My little art director has filled dozens of 18″x24″ newsprint pads, and still draws a lot to this day. So I dove into them, looking for anything that might be a better fit than the clock I had been using.

a multicolored bar red on the left, green on the right. Drawn in crayon
My lil art director thinks of everything

A slider bar! That is a lot easier to read – and I could put it right under Booper, so the player wouldn’t have to take their eyes off the action! Plus it frames the player and the play area nicely, and I could move the completed word counter right underneath the letter boxes. Much neater!

gif of timer bar
So. Much. Better.

I might just be getting the hang of this dev stuff.

Side Projects

or: How AI failed me, but Unity came shining through.

Coming from a art back ground, I get the odd commission here and there – it helps buy things for my game dev journey.

My mother-in-law came to me with a request: she had a dream about a cabin on the beach, it was very peaceful and relaxing; and she’d very much like it if I painted it for her.

Being eager to try AI art generation, I sat down with her and had her describe as much as she could in exacting detail. And we spent the better part of an afternoon feeding prompts into my local install of Automatic 1111 and seeing what it would spit out.

She ‘liked’ what she saw, but felt it was ‘too resort-like’ and ‘too plastic-y’; not keeping with the humble esthetic she’d dreamed about. After a few more tries with negative prompts, we had to call it quits to feed kiddos and take a break from her growing frustration with the process.

About a week later, she texted me- excited she had found a photo in the paper that was more true to the dream and brought it to the next family gathering:

small image of a cabin

It was small, and printed in that obnoxious half-tone process newspapers use, which made it low resolution. And very grainy.

So- hello Google Reverse image search. Found a better version and started Photoshopping things with a renewed energy. Found different images that she liked and started editing them together. Added filters and adjustment layers, tweaking things left and right.

And she still wasn’t thrilled with the result:

a Cabin on a beach
I think this was the best version done on Photoshop

What it boiled down to was this: the cabin image was just too flat and two dimensional to really get the ‘look’ she was after. Since it was too flat – I felt I must make it 3D.

round and round we go

Taking a cue from Ian Hubert’s Lazy Tutorials – I took the photos I found and began modeling. The tut in reference is:

its only a minute and SO worth the watch!

So after some tinkering, I got the cabin in Unity and sat down with Ma to sculpt out the terrain, adding a few free assets, such as rocks, along the way.

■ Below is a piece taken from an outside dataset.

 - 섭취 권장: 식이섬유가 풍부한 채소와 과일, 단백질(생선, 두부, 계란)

She was super impressed with how quickly we could iterate changes, move things around and tinker with the various settings to make it look ‘right’.

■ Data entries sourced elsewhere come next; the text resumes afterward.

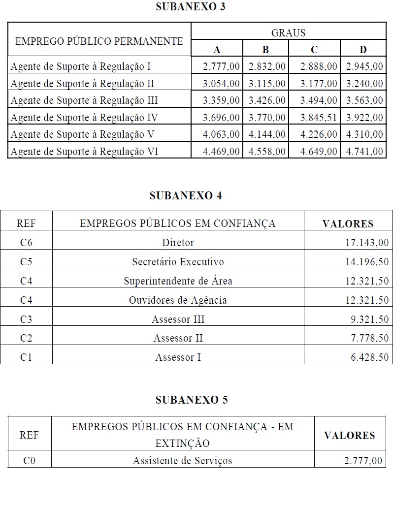 | Especialista em Regulação e Fiscalização de Serviços Públicos III | 14.604,70 | 14.896,79 | 15.194,73 | 15.498,62 |
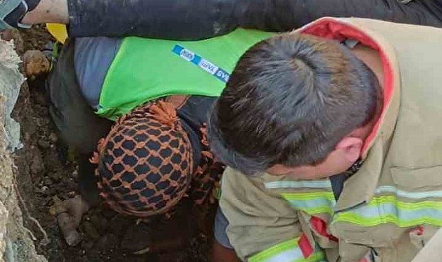 Şantiye alanında yaşanan göçükte mahsur kalan işçi kurtarıldı
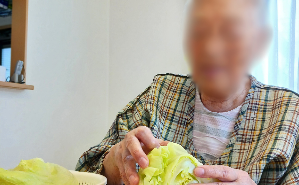 ご利用者様に手伝って頂きながらスープとサラダ完成!!
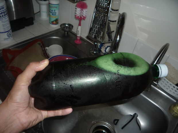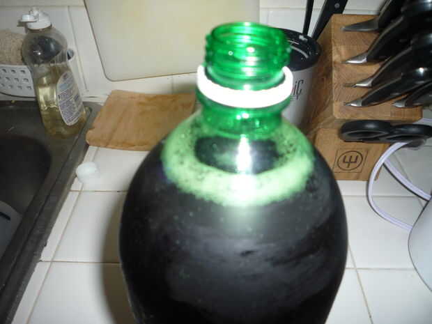 Tratar de sacarle el jugo a correr por el interior de la botella para evitar que el agua carbonatada se llena demasiado. Llene hasta la línea de 'jugo'.

image of 3d cabinin Unity ediot
After tinkering, I got my model in Unity!

Once we got it looking the way she wanted, I started showing off, adding wind effects to the trees, I cribbed some seagull sounds off some video I filmed at the beach last year and looped some surf sounds as well. Once she liked the look of everything, I took a screenshot of it and said, “Ok, this is what I’ll use for the reference for your painting!”

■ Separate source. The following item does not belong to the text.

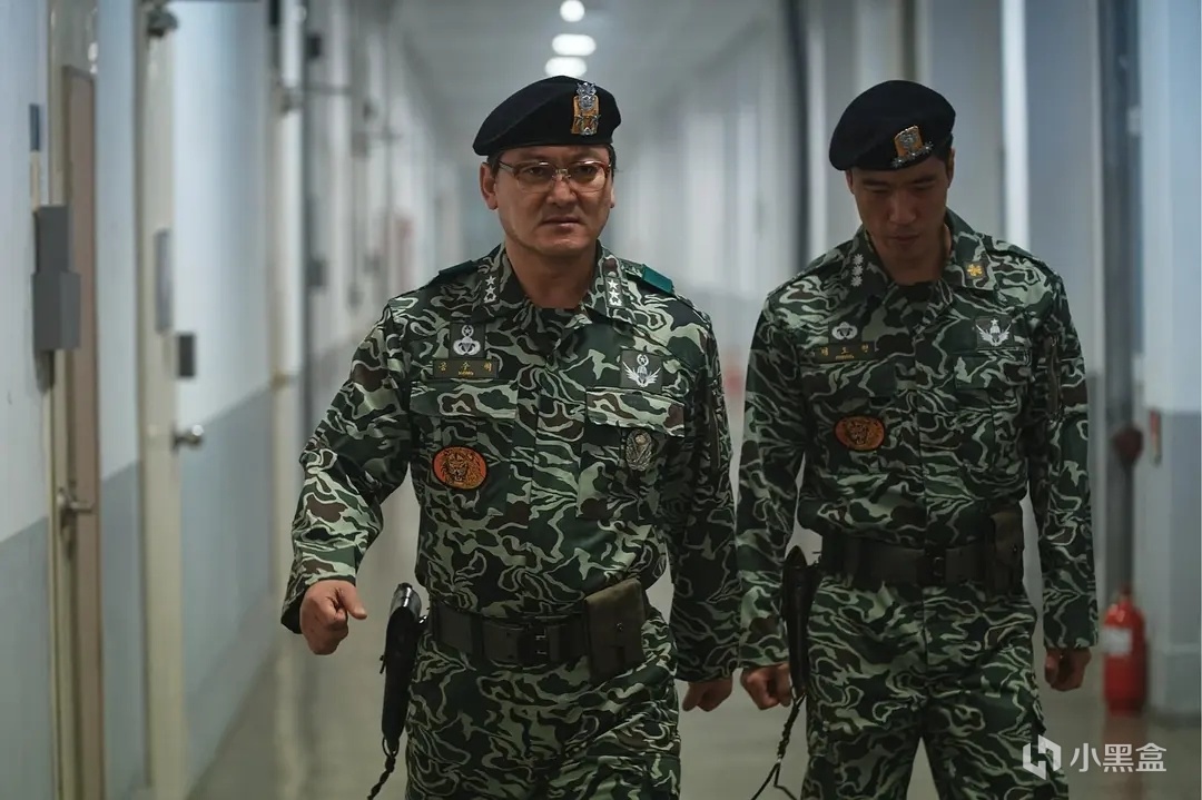影片配樂以低沉絃樂貫穿始終,時而點綴硬打擊樂器,近景處則以長時間留白讓緊張氛圍逐級渲染。雖整體風格氣質完整,但相比某些韓影經典之作(如《寄生蟲》)的配樂,這裏略顯平實甚至有點暗淡,缺乏能給人記憶點的旋律。大環境音效上卻做到了非常好的光影氛圍配合,例如在軍事圍攻中槍聲迴盪與士兵喘息音頻被處理得尤爲真實。

final image of cabin on the beach
hopefully I can paint something good enough to match this!

Suffice to say – this was the most involved project I’ve ever attempted for a painting – usually its sitting the subject with some lights and taking a few dozen photos until I get the mood and feeling I’m looking for. Having tried 3 vastly different approaches, I’m thrilled that I have so many tools at my disposal in order to create. At the same time, tis also daunting, far better artists than I have been silenced by the sheer scope and volume of what they can create with…

Post Script:

 

So my initial attempt at painting it didn’t work out quite as planned. In my race to get the final underway, I grabbed a non-permanent ink and it bled like crazy as I was putting down my first washes.

watercolor painting of cabin on beach
looks like I’ll be doing this again

I did go back and try to mitigate some of the bleeding – but it looks like I’ll have to take another run at it.

Just let me go work on my game for a bit, first.